The part looks like an old ring wrench or possibly a B&S connecting rod )


----------



## Cadillac STS (Dec 15, 2014)

Joe in Oz said:


> I'm still stumped by the bonus question.... any more hints?
> Brilliant adaptation. Thanks for sharing!
> Joe




From an older manual lathe.  Which one?


----------



## hman (Dec 15, 2014)

Cadillac STS said:


> From an older manual lathe.  Which one?



All I can think of is a turret lathe.


----------



## Cadillac STS (Dec 15, 2014)

The linkage was part of the motor belt tensioning system...


----------



## Mark_f (Dec 15, 2014)

Thanks for posting that. Very clever!

I think that would work well drilling aluminum, I constantly have to loosen the tail stock and drag it out by hand and push it back in and tighten again to clean the chips out. This would make that job easier.


Mark Frazier


----------



## Andre (Dec 16, 2014)

Cadillac STS said:


> The linkage was part of the motor belt tensioning system...




I'm guessing somewhere along those lines, a countershaft engagement/disengagement linkage for an Atlas 10"?


----------



## bpratl (Dec 16, 2014)

Thanks for sharing, that's a very cleaver idea. Bob


----------



## Cadillac STS (Dec 16, 2014)

Andre said:


> I'm guessing somewhere along those lines, a countershaft engagement/disengagement linkage for an Atlas 10"?




BING BING BING We have a winner!!

I found the lever and link with bushings on ebay and it did what I wanted it to do.


----------



## Cadillac STS (Dec 16, 2014)

mark_f said:


> Thanks for posting that. Very clever!
> 
> I think that would work well drilling aluminum, I constantly have to loosen the tail stock and drag it out by hand and push it back in and tighten again to clean the chips out. This would make that job easier.
> 
> ...




If you need to loosen the tailstock by getting a wrench out and loosening the nut, move it back, get the wrench and tighten the nut you might think about making one of those lever nuts you see there in the picture.  It is like having a camlock tailstock and all you do is move the lever a quarter turn or so to loosen then pull it back, clear chips move it back and lever it tight.  

To make one first drill and tap the metal cylinder THEN put the cylinder on and find out where the handle needs to go in (To make it tight when the handle is where it needs to be), mark the place then drill and tap the place to have the handle come out.  I used 6 inch stainless steel bolts with for the handles and cut the head off and threaded it for strong handle shaft.


----------



## Mark_f (Dec 16, 2014)

Cadillac STS said:


> If you need to loosen the tailstock by getting a wrench out and loosening the nut, move it back, get the wrench and tighten the nut you might think about making one of those lever nuts you see there in the picture.  It is like having a camlock tailstock and all you do is move the lever a quarter turn or so to loosen then pull it back, clear chips move it back and lever it tight.
> 
> To make one first drill and tap the metal cylinder THEN put the cylinder on and find out where the handle needs to go in (To make it tight when the handle is where it needs to be), mark the place then drill and tap the place to have the handle come out.  I used 6 inch stainless steel bolts with for the handles and cut the head off and threaded it for strong handle shaft.
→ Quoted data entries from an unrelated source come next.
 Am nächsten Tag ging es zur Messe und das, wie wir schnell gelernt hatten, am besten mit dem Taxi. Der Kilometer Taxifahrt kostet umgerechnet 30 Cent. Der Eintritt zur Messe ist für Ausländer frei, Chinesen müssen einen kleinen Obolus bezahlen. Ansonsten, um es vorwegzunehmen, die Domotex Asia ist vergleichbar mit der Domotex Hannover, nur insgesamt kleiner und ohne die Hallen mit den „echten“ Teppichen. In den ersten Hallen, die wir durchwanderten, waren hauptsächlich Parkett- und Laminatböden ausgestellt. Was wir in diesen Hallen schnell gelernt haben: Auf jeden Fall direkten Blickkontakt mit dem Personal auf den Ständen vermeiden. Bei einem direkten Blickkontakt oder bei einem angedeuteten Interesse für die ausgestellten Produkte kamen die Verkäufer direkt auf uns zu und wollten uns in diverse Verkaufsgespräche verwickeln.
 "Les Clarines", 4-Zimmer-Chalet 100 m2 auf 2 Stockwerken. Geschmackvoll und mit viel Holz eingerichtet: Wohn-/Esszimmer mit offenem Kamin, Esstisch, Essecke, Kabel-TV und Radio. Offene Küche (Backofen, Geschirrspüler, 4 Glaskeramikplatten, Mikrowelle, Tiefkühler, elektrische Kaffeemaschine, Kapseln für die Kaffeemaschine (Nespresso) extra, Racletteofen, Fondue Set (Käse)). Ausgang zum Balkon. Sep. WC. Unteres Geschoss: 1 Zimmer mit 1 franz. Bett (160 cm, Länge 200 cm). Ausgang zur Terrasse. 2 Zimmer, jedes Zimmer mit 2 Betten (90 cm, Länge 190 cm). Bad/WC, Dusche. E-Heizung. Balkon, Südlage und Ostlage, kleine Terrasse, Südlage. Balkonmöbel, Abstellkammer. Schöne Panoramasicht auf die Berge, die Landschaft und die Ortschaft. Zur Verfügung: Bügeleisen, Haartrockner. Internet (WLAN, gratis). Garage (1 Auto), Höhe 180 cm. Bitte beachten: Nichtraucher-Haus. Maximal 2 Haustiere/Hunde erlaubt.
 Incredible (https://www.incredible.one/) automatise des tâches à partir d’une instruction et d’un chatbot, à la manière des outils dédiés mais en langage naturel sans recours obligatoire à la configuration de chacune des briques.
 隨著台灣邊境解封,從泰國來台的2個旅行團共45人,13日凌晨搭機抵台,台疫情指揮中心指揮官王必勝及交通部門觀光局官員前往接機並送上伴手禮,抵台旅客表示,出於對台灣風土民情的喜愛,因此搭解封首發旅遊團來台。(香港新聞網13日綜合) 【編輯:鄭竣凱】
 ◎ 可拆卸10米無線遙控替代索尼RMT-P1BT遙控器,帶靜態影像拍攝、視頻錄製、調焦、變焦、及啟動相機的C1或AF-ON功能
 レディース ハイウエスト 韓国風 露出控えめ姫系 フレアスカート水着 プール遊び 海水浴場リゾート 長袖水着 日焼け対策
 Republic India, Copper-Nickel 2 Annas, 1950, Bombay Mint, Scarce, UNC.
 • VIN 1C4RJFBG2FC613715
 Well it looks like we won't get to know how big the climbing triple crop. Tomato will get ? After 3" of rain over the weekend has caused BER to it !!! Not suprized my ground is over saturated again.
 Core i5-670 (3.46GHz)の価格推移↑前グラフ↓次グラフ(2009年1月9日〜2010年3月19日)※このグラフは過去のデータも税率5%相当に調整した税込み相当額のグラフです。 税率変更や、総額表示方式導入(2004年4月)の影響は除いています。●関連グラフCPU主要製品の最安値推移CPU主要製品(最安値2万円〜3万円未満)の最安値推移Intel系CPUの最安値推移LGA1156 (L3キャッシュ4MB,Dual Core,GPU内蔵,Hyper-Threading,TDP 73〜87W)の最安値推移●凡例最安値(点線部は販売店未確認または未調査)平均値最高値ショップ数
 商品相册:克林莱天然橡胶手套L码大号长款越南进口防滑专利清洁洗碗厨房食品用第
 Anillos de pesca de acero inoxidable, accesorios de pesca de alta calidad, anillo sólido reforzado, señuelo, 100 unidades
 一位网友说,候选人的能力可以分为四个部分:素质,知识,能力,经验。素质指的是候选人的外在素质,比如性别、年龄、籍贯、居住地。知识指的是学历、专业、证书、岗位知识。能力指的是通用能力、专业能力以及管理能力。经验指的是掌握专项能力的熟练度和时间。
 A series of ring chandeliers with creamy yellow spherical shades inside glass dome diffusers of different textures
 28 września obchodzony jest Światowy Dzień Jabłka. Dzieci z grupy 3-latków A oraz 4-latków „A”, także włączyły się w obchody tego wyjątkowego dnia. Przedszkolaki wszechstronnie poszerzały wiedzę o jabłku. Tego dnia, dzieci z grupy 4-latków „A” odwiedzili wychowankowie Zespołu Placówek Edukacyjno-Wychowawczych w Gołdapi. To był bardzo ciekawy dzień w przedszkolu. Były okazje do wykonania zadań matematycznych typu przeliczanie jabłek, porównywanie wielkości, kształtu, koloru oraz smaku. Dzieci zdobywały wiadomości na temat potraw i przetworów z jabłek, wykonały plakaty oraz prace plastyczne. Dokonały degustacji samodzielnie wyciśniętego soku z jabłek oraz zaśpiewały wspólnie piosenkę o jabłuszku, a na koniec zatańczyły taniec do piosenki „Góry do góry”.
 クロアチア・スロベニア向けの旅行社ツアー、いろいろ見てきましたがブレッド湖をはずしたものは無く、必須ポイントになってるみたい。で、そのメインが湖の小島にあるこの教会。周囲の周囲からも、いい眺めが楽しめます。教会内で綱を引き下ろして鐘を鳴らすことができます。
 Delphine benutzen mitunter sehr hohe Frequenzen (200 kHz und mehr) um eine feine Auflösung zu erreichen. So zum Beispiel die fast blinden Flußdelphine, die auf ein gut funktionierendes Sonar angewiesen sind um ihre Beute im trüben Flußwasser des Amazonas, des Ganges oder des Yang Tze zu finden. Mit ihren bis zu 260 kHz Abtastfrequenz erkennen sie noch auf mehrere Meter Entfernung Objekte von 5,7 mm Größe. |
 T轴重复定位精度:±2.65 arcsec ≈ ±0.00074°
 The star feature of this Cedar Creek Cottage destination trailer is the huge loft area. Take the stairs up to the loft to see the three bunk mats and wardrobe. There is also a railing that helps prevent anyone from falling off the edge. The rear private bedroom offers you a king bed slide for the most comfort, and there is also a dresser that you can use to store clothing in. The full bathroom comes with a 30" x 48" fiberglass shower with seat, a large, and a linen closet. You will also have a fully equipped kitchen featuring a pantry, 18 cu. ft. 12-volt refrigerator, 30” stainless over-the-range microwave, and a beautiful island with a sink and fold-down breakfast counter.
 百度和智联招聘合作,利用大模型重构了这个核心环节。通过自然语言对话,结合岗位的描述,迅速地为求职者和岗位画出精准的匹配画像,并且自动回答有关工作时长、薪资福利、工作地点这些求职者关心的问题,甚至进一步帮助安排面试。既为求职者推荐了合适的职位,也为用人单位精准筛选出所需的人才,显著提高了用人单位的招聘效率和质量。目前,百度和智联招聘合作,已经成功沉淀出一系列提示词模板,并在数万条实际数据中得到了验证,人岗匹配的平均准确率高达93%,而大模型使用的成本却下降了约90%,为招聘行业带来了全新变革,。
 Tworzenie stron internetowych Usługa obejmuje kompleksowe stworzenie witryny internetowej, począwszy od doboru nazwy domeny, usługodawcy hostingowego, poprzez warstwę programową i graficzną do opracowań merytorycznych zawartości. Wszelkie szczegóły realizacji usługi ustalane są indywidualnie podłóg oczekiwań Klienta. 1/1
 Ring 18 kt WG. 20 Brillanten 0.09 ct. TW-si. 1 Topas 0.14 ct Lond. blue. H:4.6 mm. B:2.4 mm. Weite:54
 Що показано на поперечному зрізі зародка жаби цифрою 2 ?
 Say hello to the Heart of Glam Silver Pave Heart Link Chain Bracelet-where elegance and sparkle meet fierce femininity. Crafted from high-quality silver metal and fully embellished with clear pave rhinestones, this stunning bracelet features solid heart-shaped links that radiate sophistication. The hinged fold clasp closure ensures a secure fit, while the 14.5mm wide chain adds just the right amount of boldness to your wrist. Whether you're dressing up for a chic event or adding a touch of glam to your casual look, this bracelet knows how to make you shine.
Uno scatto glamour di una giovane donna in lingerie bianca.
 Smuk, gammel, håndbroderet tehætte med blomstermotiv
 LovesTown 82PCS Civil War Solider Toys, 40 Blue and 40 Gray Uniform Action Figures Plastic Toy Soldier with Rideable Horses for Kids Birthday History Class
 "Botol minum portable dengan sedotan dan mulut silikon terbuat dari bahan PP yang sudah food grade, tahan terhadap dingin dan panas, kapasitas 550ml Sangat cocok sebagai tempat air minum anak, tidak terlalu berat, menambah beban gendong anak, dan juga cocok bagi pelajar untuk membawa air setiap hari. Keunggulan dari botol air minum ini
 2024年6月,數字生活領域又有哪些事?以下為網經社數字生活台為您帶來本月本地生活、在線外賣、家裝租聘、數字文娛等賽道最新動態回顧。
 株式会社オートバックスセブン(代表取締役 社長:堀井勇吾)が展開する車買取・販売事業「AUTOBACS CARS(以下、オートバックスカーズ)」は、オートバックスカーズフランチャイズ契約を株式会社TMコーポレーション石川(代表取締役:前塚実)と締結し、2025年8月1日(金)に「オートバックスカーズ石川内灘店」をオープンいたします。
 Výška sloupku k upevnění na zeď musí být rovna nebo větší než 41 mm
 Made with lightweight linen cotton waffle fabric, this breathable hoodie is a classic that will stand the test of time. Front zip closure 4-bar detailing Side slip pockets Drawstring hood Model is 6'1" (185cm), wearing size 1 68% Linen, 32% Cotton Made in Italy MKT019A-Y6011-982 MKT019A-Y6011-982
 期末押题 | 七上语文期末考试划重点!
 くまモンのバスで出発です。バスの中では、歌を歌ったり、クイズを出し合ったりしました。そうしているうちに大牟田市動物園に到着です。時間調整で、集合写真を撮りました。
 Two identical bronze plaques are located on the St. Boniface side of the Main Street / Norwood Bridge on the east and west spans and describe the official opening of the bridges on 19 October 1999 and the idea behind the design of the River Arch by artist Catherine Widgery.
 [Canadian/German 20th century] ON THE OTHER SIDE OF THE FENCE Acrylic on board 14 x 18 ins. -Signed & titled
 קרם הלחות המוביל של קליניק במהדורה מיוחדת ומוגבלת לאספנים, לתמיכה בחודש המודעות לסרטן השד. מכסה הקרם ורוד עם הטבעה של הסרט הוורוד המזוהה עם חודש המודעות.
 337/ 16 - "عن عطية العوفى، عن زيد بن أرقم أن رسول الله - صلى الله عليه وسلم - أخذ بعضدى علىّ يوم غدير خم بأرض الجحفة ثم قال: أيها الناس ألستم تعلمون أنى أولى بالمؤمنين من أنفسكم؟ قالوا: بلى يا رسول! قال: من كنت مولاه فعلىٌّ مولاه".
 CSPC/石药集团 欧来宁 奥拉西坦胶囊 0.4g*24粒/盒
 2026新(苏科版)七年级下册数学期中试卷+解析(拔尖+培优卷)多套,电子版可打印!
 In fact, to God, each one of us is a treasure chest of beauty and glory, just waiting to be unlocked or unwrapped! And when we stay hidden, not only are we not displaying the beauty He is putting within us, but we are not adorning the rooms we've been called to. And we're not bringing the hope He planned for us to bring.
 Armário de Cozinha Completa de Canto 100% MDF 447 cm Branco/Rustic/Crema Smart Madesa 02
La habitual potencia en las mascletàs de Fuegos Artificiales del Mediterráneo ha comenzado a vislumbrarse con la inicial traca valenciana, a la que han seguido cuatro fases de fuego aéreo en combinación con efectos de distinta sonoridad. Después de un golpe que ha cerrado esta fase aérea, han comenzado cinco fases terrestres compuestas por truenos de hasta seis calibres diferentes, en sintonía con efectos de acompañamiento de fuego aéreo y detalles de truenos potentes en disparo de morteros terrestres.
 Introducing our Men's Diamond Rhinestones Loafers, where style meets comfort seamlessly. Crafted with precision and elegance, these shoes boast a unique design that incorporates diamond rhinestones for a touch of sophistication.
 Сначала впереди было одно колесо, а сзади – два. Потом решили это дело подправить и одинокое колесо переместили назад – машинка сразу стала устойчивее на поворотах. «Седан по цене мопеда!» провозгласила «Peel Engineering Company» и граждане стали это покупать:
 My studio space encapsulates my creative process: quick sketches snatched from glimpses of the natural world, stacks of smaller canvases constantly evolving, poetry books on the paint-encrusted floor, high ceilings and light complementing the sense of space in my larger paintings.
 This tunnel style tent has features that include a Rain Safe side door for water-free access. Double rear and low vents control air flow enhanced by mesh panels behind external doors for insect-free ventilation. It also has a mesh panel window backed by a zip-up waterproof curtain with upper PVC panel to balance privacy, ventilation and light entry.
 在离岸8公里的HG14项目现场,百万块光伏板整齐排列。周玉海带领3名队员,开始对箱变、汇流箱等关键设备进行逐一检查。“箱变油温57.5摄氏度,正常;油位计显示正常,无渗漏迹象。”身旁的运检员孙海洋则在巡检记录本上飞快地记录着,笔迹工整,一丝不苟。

Yes, I definitely need to make one of these. I have to loosen the tail stock with the wrench ( but it is only a quarter turn) The hard part is dragging it back to yank the chips out and shoving it back in again. I think this will make my deep hole drilling (up to 3") easier for my arthritic old hands.

Thanks ,
Mark Frazier )


----------



## Cadillac STS (Dec 16, 2014)

mark_f said:


> Yes, I definitely need to make one of these. I have to loosen the tail stock with the wrench *( but it is only a quarter turn)* The hard part is dragging it back to yank the chips out and shoving it back in again. I think this will make my deep hole drilling (up to 3") easier for my arthritic old hands.
> 
> Thanks ,
> Mark Frazier )



That quarter turn is the key to how the lever nut works.  If it needed to be further it wouldn't work.  Go for it.  A nice short and useful project.


----------